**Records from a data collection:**
------------------------------------------------------------------------

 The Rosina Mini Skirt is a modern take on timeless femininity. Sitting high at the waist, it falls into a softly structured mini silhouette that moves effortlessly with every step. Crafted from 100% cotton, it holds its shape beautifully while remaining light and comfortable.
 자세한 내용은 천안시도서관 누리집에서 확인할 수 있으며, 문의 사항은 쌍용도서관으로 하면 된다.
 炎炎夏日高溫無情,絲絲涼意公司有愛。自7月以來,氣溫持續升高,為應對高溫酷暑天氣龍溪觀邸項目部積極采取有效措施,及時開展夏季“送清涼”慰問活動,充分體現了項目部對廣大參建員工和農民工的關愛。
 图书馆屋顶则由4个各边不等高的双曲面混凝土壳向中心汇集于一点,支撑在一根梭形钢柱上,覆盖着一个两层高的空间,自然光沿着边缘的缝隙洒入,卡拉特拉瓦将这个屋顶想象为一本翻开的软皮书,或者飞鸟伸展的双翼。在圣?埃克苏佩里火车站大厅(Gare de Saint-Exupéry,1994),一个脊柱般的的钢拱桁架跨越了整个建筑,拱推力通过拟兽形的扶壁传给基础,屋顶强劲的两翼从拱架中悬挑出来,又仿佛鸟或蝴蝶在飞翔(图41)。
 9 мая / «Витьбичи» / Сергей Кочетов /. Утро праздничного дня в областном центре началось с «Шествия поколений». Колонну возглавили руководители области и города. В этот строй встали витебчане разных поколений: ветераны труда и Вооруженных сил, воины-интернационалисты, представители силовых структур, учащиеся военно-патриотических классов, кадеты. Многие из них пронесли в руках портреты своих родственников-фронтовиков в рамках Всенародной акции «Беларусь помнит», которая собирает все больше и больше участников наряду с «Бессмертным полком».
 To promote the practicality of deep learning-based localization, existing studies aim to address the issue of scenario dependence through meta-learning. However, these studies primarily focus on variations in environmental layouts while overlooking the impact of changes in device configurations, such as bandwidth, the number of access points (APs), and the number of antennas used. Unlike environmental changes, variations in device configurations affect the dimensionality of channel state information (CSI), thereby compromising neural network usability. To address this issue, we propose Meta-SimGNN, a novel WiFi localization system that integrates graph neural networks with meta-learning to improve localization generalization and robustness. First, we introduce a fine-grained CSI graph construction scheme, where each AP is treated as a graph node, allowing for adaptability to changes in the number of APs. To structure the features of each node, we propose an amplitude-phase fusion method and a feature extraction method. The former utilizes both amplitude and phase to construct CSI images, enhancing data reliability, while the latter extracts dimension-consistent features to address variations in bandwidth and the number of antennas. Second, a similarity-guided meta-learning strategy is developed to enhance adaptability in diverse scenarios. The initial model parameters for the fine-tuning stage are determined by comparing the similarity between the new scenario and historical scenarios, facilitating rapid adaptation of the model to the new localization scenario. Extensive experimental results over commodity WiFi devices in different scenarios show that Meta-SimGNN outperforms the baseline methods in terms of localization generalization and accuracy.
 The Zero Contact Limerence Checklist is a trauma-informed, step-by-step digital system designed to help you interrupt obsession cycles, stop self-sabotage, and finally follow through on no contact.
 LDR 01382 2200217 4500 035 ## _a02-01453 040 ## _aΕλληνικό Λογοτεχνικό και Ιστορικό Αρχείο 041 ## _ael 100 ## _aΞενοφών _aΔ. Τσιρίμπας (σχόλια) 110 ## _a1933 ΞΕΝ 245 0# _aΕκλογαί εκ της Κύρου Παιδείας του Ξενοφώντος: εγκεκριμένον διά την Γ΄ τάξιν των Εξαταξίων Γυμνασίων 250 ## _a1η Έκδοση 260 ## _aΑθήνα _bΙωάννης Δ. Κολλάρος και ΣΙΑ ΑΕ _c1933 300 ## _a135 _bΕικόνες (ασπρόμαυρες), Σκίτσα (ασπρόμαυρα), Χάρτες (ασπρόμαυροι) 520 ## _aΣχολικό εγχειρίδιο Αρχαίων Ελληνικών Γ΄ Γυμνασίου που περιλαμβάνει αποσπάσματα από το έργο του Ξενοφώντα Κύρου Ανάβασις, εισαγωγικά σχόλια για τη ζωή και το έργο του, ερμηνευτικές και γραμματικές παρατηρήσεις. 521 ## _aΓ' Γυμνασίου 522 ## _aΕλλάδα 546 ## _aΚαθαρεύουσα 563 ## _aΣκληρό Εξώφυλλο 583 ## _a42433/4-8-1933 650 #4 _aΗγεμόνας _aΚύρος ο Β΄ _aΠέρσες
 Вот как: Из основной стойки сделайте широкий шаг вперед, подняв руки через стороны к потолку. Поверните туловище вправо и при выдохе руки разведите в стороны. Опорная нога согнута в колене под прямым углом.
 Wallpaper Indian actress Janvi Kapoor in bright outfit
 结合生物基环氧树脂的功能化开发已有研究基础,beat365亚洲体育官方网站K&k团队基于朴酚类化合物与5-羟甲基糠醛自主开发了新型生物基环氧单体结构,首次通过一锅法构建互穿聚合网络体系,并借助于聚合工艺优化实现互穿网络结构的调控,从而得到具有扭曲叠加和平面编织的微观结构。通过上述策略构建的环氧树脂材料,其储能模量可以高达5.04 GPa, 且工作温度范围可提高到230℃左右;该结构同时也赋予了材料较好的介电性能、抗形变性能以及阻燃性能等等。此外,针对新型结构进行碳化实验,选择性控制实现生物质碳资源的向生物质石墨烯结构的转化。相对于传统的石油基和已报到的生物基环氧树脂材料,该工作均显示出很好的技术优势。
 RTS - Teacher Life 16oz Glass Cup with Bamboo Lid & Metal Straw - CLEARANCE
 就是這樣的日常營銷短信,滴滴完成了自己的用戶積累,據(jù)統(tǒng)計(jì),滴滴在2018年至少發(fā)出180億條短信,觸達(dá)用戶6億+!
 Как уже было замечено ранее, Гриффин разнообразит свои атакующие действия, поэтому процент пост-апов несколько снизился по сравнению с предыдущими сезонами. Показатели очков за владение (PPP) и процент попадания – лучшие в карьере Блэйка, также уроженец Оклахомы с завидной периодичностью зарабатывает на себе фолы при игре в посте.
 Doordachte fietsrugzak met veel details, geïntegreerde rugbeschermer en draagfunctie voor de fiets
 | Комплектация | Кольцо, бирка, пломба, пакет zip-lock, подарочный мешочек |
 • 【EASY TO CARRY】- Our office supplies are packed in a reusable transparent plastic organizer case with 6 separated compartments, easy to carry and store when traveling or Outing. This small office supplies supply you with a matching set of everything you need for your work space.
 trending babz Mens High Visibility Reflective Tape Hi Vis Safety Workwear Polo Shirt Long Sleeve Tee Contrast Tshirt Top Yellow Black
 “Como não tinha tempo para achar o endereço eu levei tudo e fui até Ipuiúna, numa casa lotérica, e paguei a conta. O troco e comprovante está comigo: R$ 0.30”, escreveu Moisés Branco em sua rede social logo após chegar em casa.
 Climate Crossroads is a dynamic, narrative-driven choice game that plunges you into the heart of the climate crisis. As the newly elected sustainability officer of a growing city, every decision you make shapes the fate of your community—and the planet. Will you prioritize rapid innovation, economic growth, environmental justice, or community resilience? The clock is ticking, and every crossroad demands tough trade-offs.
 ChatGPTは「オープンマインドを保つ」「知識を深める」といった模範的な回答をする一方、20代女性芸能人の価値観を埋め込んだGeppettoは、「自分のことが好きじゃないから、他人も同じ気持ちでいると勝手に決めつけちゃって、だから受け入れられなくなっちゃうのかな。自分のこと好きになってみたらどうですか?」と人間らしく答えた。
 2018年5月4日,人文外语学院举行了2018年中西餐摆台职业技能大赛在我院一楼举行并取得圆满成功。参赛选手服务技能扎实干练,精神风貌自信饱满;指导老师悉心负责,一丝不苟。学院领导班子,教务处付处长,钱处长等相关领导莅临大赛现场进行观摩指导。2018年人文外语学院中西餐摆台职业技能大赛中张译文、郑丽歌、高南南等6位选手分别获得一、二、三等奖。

------------------------------------------------------------------------

Using the records above, restate word for word the lines from the one with "LDR 01382 2200217" through the one with "就是這樣的日常營銷短信,滴滴", both included.

**Answer for the task:**
 LDR 01382 2200217 4500 035 ## _a02-01453 040 ## _aΕλληνικό Λογοτεχνικό και Ιστορικό Αρχείο 041 ## _ael 100 ## _aΞενοφών _aΔ. Τσιρίμπας (σχόλια) 110 ## _a1933 ΞΕΝ 245 0# _aΕκλογαί εκ της Κύρου Παιδείας του Ξενοφώντος: εγκεκριμένον διά την Γ΄ τάξιν των Εξαταξίων Γυμνασίων 250 ## _a1η Έκδοση 260 ## _aΑθήνα _bΙωάννης Δ. Κολλάρος και ΣΙΑ ΑΕ _c1933 300 ## _a135 _bΕικόνες (ασπρόμαυρες), Σκίτσα (ασπρόμαυρα), Χάρτες (ασπρόμαυροι) 520 ## _aΣχολικό εγχειρίδιο Αρχαίων Ελληνικών Γ΄ Γυμνασίου που περιλαμβάνει αποσπάσματα από το έργο του Ξενοφώντα Κύρου Ανάβασις, εισαγωγικά σχόλια για τη ζωή και το έργο του, ερμηνευτικές και γραμματικές παρατηρήσεις. 521 ## _aΓ' Γυμνασίου 522 ## _aΕλλάδα 546 ## _aΚαθαρεύουσα 563 ## _aΣκληρό Εξώφυλλο 583 ## _a42433/4-8-1933 650 #4 _aΗγεμόνας _aΚύρος ο Β΄ _aΠέρσες
 Вот как: Из основной стойки сделайте широкий шаг вперед, подняв руки через стороны к потолку. Поверните туловище вправо и при выдохе руки разведите в стороны. Опорная нога согнута в колене под прямым углом.
 Wallpaper Indian actress Janvi Kapoor in bright outfit
 结合生物基环氧树脂的功能化开发已有研究基础,beat365亚洲体育官方网站K&k团队基于朴酚类化合物与5-羟甲基糠醛自主开发了新型生物基环氧单体结构,首次通过一锅法构建互穿聚合网络体系,并借助于聚合工艺优化实现互穿网络结构的调控,从而得到具有扭曲叠加和平面编织的微观结构。通过上述策略构建的环氧树脂材料,其储能模量可以高达5.04 GPa, 且工作温度范围可提高到230℃左右;该结构同时也赋予了材料较好的介电性能、抗形变性能以及阻燃性能等等。此外,针对新型结构进行碳化实验,选择性控制实现生物质碳资源的向生物质石墨烯结构的转化。相对于传统的石油基和已报到的生物基环氧树脂材料,该工作均显示出很好的技术优势。
 RTS - Teacher Life 16oz Glass Cup with Bamboo Lid & Metal Straw - CLEARANCE
 就是這樣的日常營銷短信,滴滴完成了自己的用戶積累,據(jù)統(tǒng)計(jì),滴滴在2018年至少發(fā)出180億條短信,觸達(dá)用戶6億+!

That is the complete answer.